Separate from the football, presidents carry a card, sometimes called the "biscuit," on their person containing authentication codes. In a nuclear conflict, the president would use the codes in coordination with the tools in the football to identify himself to the military and order a nuclear strike.
Incoming presidents are typically briefed on their nuclear responsibilities prior to taking the Oath of Office. Then, during the inauguration, the codes they received that morning or the day before become active and control of the football is quietly and seamlessly passed to the new president.
Trump described that moment as "sobering" and "very scary," telling ABC News in 2017 that "when they explain what it represents and the kind of destruction that you're talking about, it is a very sobering moment."
The transfer of the nuclear football is supposed to occur at noon as the new president is sworn in. The military aide who has been carrying the briefcase hands it off to the newly designated military aide, former Vice President Dick Cheney said in a past Discovery documentary. This traditionally happens off to the side and is not a part of the show.
If Trump is not at the inauguration, then the transfer process will be different. Still, the transfer will need to be instantaneous, explained retired Air Force Lt. Col. Buzz Patterson, who carried the football for former President Bill Clinton.
"That's the way it has to be," he told Insider. "For the process to work, you have to have this clear handing off of responsibilities." He said that how that happens will be up to the Pentagon, which serves the office of the commander-in-chief, not the man.
A Pentagon spokesperson told Insider that the Department of Defense has a plan for the transfer on inauguration day but declined to provide any further details.
"We war game this stuff and we practice it ad nauseam for years and years," Patterson said. "There are systems in place to make sure that happens instantaneously. There won't be any kind of question about who has it, who is in charge at that point in time."
"We don't take this stuff lightly," he added. "There won't be any kind of hiccup. It'll just go down without anybody even noticing, which is what is supposed to happen."
Kristensen, the nuclear weapons expert at FAS, speculated that the plan could resemble plans in place for situations in which a president is suddenly killed or incapacitated, situations in which nuclear command and control authority and all accompanying equipment has to be immediately transferred to the vice president or another designated survivor.

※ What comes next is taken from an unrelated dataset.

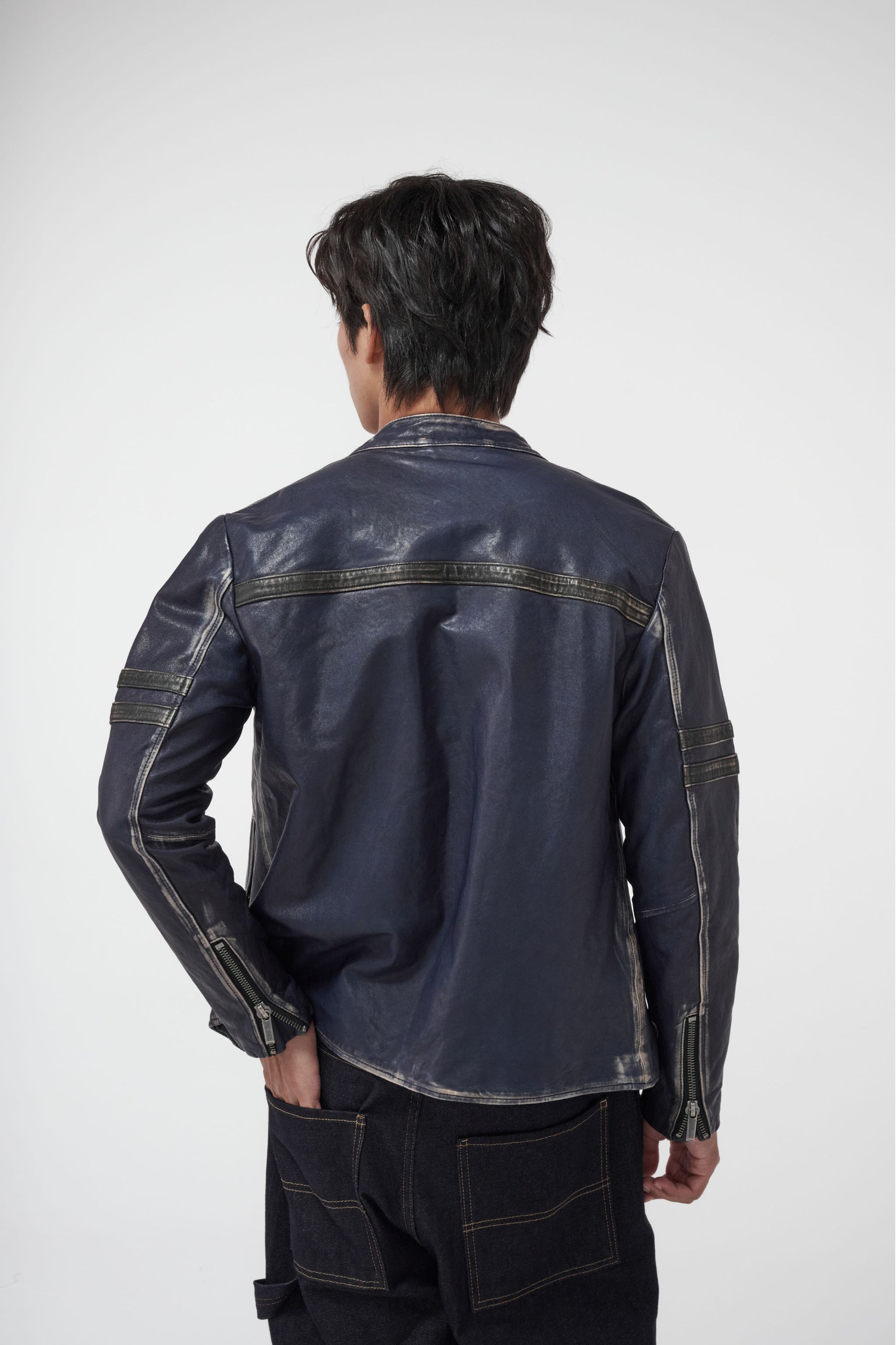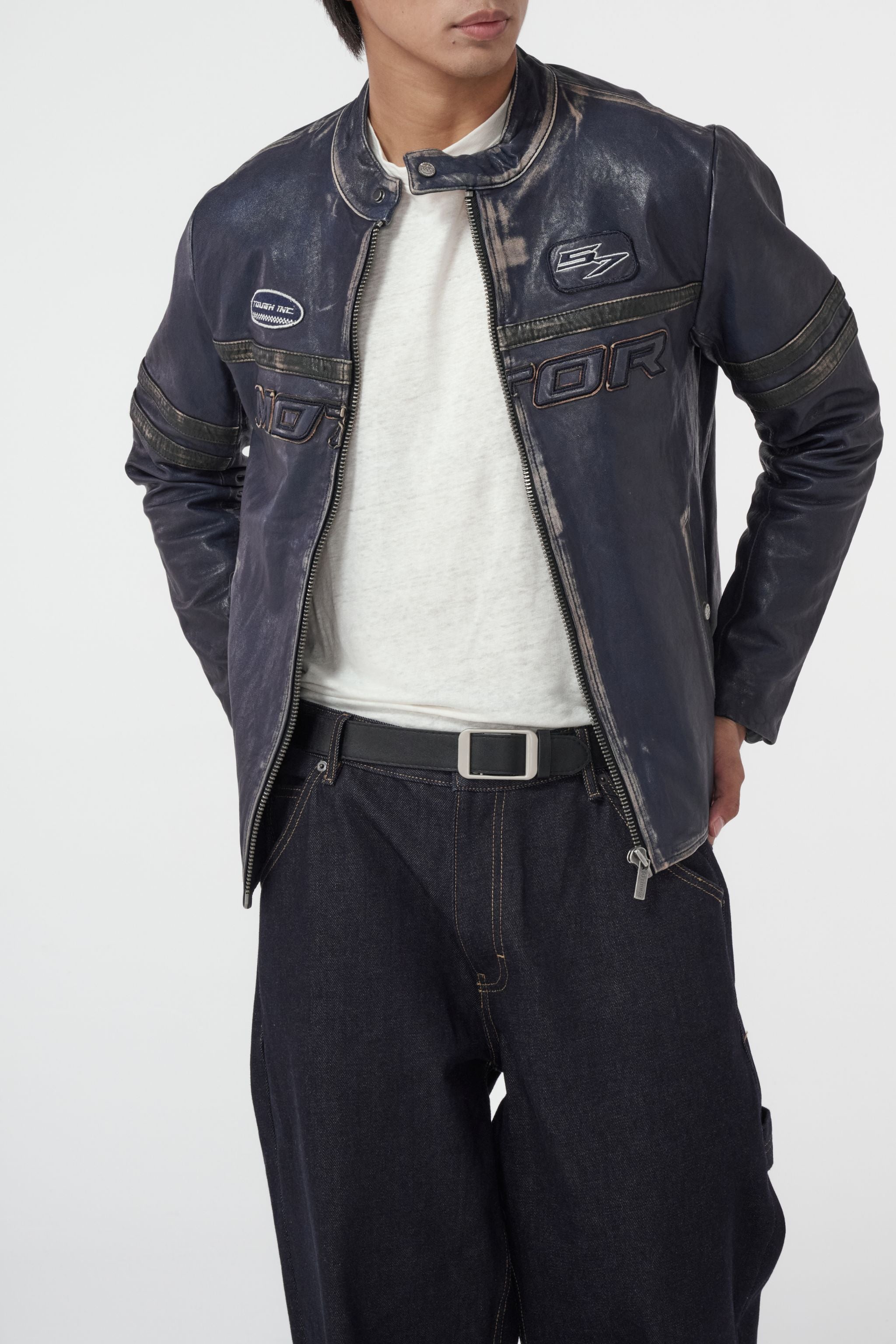 TOUGH JEANSMITH 洗水藍色賽車皮革夾克

Stephen Schwartz, a nonresident senior fellow with the Bulletin of the Atomic Scientists, recently discussed with the Center for Arms Control and Non-Proliferation what would happen to the nuclear football if Trump does not attend the inauguration.
Schwartz, known for his research on the nuclear football, explained that there is actually more than one football. In fact, there are at least three of them - one for the president, vice president, and a designated survivor.
He said that if another nuclear football has not already been prepared, one likely would be before inauguration. There would be a military aide ready then to begin following Biden as soon as he is sworn in. And, at that time, Trump's nuclear command and control authority would expire.
"Hopefully President Trump will be there and it will be just a handoff, which is what it's been for decades," Patterson said, adding that if he doesn't though, "it's not that big of a deal" because the military will make sure that the transfer occurs as needed.